No forecast is produced due to a warning. Without the constant the data must not be stationary.
fit5 <- aus_airpassengers %>%
model(arima021 = ARIMA(Passengers ~ 1 + pdq(0,2,1)))
## Warning: Model specification induces a quadratic or higher order polynomial trend.
## This is generally discouraged, consider removing the constant or reducing the number of differences.
report(fit3)
## Series: Passengers
## Model: ARIMA(2,1,2) w/ drift
##
## Coefficients:
## ar1 ar2 ma1 ma2 constant
## -0.5518 -0.7327 0.5895 1.0000 3.2216
## s.e. 0.1684 0.1224 0.0916 0.1008 0.7224
##
## sigma^2 estimated as 4.031: log likelihood=-96.23
## AIC=204.46 AICc=206.61 BIC=215.43
fit5 %>%
forecast(h=10) %>%
autoplot(aus_airpassengers)
The slope of the forecast seems to be steeper, like it hasn’t been as dampened as the others.

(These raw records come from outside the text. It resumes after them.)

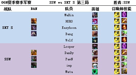 OGN夏季赛季军赛 SSW兵不血刃3:0击溃SKT S
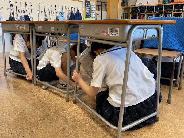 児童はその放送が聞こえると直ぐに机下に入り、身を守っていました。
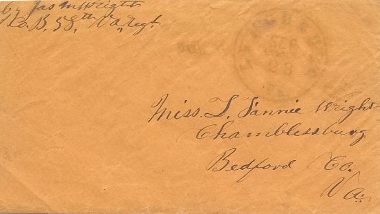 Chamblessburg, Bedford Co., Va. Endorsed at upper left “Jas M. Wright, Co B, 58th Va
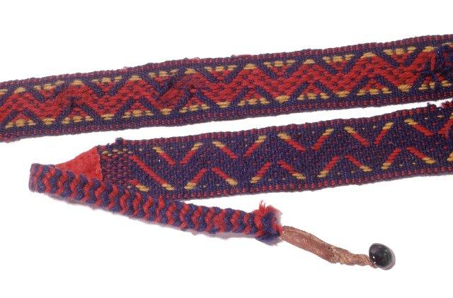 Kengänpaulat, villaiset, nauhapirralla kudottu. Väreinä tummansininen, punainen ja keltainen. Paulan päät on vahvistettu kangaspaloilla ja nyörien päät palmikoitu. Nyörin päässä on nahkavahvistus sekä lasinen kiinnitin. Paula on paikoitellen kulunut puhki.
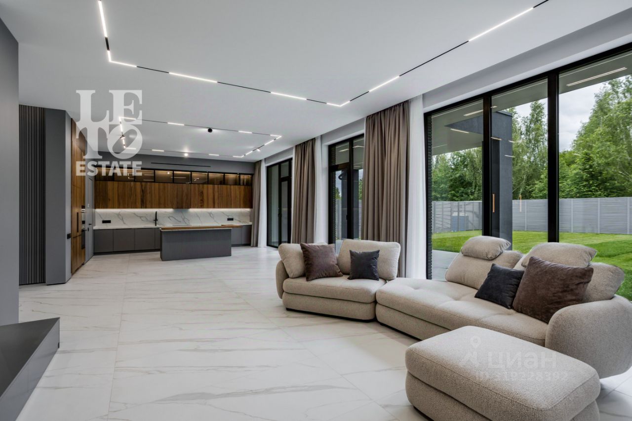 Арт. 108731317 Вашему вниманию предлагается уникальное предложение на рынке недвижимости - дом площадью 600 кв. м в современном стиле под ключ в коттеджном поселке ''Заря'' на Рублево-Успенском шоссе. У дома качественный конструктив: монолитные фундамент и перекрытия, кирпичные стены, плоская кровля, панорамное остекление. Отделка дома: в стиле хай-тек. Интерьер выполнен в пастельных тонах, что делает дом светлым и просторным. Всего в доме пять спален и гостиная. Гараж на две автомашины. В доме установлены: современная система вентиляции и качественные окна. Сделаны теплые полы. Участок площадью 16 соток правильной формы и с отличной инсоляцией. Все коммуникации - центральные.
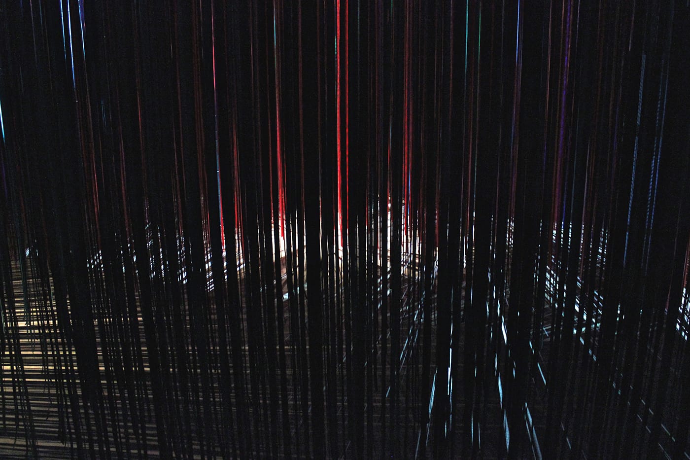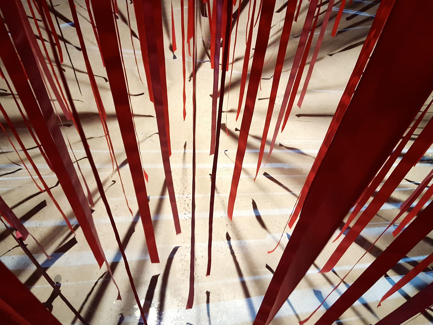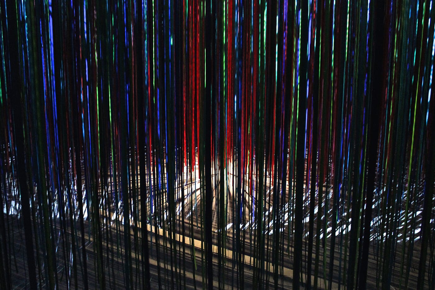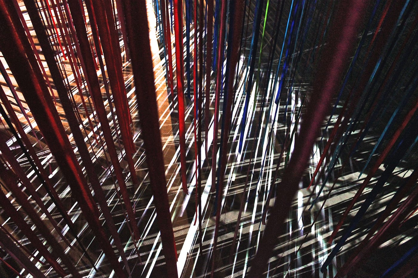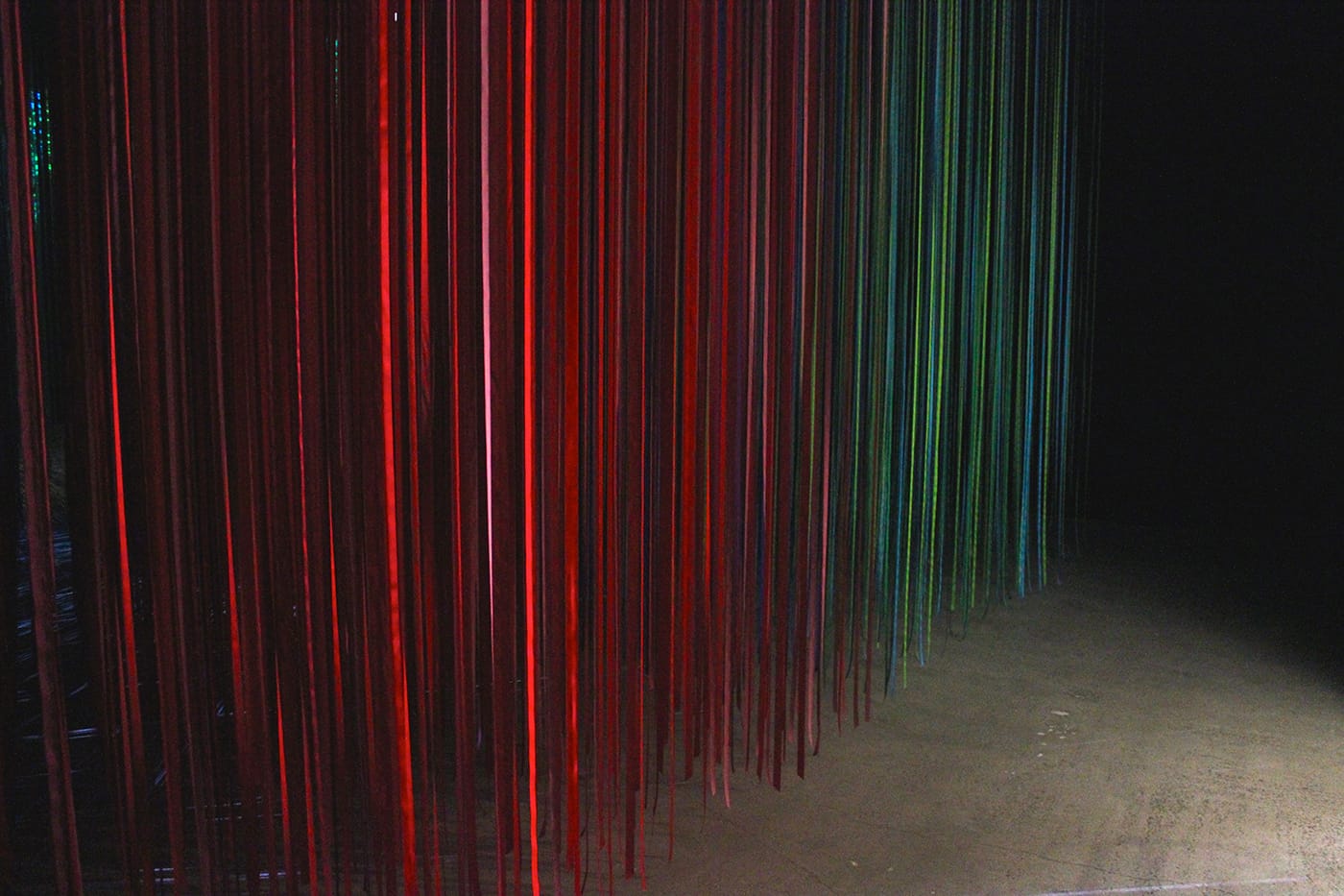 The resulting feast for the senses is completed with touch, as viewers are invited to enter the space and wander through the field of ribbons by any path they see fit. The room is darkened, with the brightest point being a kind of circular clearing in the midst of the piece, surrounded by red ribbons. The color-coding and density of the ribbons correlate to emotional states.

us_gdp <- global_economy %>%
filter(Country=="United States")
us_gdp %>%
autoplot(GDP)
lambda <- BoxCox.lambda(us_gdp$GDP,method="guerrero")
fit_us_gdp <- us_gdp %>%
model(ARIMA(box_cox(GDP,lambda)))
report(fit_us_gdp)
## Series: GDP
## Model: ARIMA(1,1,0) w/ drift
## Transformation: box_cox(GDP, lambda)
##
## Coefficients:
## ar1 constant
## 0.4586 118.2764
## s.e. 0.1198 9.5123
##
## sigma^2 estimated as 5488: log likelihood=-325.37
## AIC=656.74 AICc=657.19 BIC=662.87
ARIMA(1,1,0) selected.
us_gdp_multi_fit <- us_gdp %>%
model(arima_orig = ARIMA(box_cox(GDP,lambda)),
arima011 = ARIMA(box_cox(GDP,lambda) ~ pdq(0,1,1)),
arima210 = ARIMA(box_cox(GDP,lambda) ~ pdq(2,1,0)),
arima010 = ARIMA(box_cox(GDP,lambda) ~ pdq(0,1,0)))
glance(us_gdp_multi_fit)
## # A tibble: 4 × 9
## Country .model sigma2 log_lik AIC AICc BIC ar_roots ma_roots
## <fct> <chr> <dbl> <dbl> <dbl> <dbl> <dbl> <list> <list>
## 1 United States arima_orig 5488. -325. 657. 657. 663. <cpl [1]> <cpl [0]>
## 2 United States arima011 5698. -326. 659. 659. 665. <cpl [0]> <cpl [1]>
## 3 United States arima210 5589. -325. 659. 660. 667. <cpl [2]> <cpl [0]>
## 4 United States arima010 6785. -332. 668. 668. 672. <cpl [0]> <cpl [0]>
The auto-selected model appears to be the best based on having the lowed AICc value (though the others don’t appear to be far off).
fit_us_gdp %>%
gg_tsresiduals()
Residuals appear to be white noise.
fit_us_gdp %>%
forecast(h=10) %>%
autoplot(us_gdp)
The forecast does appear reasonable, the trend continues wth a similar slope and an exponential shape.
fit_ets <- us_gdp %>%
model(ETS(GDP))
report(fit_ets)
## Series: GDP
## Model: ETS(M,A,N)
## Smoothing parameters:
## alpha = 0.9990876
## beta = 0.5011949
##
## Initial states:
## l[0] b[0]
## 448093333334 64917355687
##
## sigma^2: 7e-04
##
## AIC AICc BIC
## 3190.787 3191.941 3201.089
fit_ets %>%
forecast(h=10) %>%
autoplot(us_gdp)
ETS model appears to have much wider confidence intervals compared to the ARIMA model.